John Blayne began to pace the floor, acutely aware for the first time of why he was allowing himself to stay on in the castle. He wished she had not told him about her parents, and then he found himself wishing she would tell him more.
“What were they like, really?”
“From what I’ve been told,” she began slowly, “my father was tall and handsome and very proud. I’ve seen ever so many pictures of him—as a boy—then after he grew up—then in his Air Force uniform. He never wanted to be a servant, so he ran away to London when he was twenty. He wanted to be an artist, and he even had an exhibition once in London. Most of his pictures were of the castle.”
“Have you seen them?”
“No, they were destroyed in the blitz. Then he married and …” Her voice suddenly halted.
“And?”
“That’s almost all there is to the story, except me.”
“What was your mother like?”
“Her name was Diana Knowles. She was a lady, my grandfather always said, but I’ve never seen a picture of her and I gave up asking about her as my grandfather would tell me nothing. I think she was small and dark and slender and—distant-like.”
“Why?”
“Because, for one thing, my grandfather told me her people were offish and that they didn’t approve her connection with Colin Wells.”

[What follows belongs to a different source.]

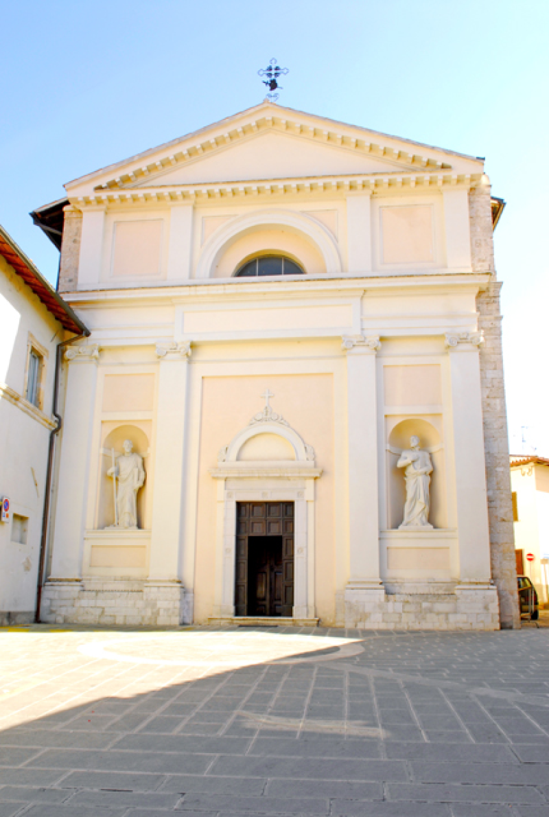 Nella cripta, una absidiola con affreschi del ‘300 ricorda il luogo in cui avrebbero visto la luce i due santi fratelli, Benedetto e Scolastica. Lo slanciato campanile gotico, lesionato dal terremoto del 1703, fu demolito e sostituito da una torre più bassa. Verso il 1570 fu addossato alla parete esterna della chiesa il Portico delle Misure dove si teneva il mercato delle granaglie trasportandovi le unità di misura per cereali prima custodite nel Palazzo del Podestà.

She had been looking anywhere but at him while she spoke, now she lifted her gaze and sought his. He smiled, then moved across the room to glance out of the window. Kate followed him with thoughtful eyes.
He was almost too handsome, she decided, as she watched him. One must be careful when one was a woman, especially a woman such as she, in a strange and anomalous position such as hers in the castle—at times almost a daughter, yet always the maid and grandchild of the butler.

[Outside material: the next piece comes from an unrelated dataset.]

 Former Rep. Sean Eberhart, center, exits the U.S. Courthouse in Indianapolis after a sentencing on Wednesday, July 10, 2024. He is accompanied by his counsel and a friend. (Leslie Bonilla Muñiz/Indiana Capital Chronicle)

Ah well, she thought wistfully, she had told him the truth. He had asked for it. Now that he knew it he could think what he liked. While she drove the sword thus into her heart she kept looking at him as he stood by the window against the background of the castle and the green lawns, a tall slender figure, elegant even in his casual gray slacks and jacket and his shirt open at the throat.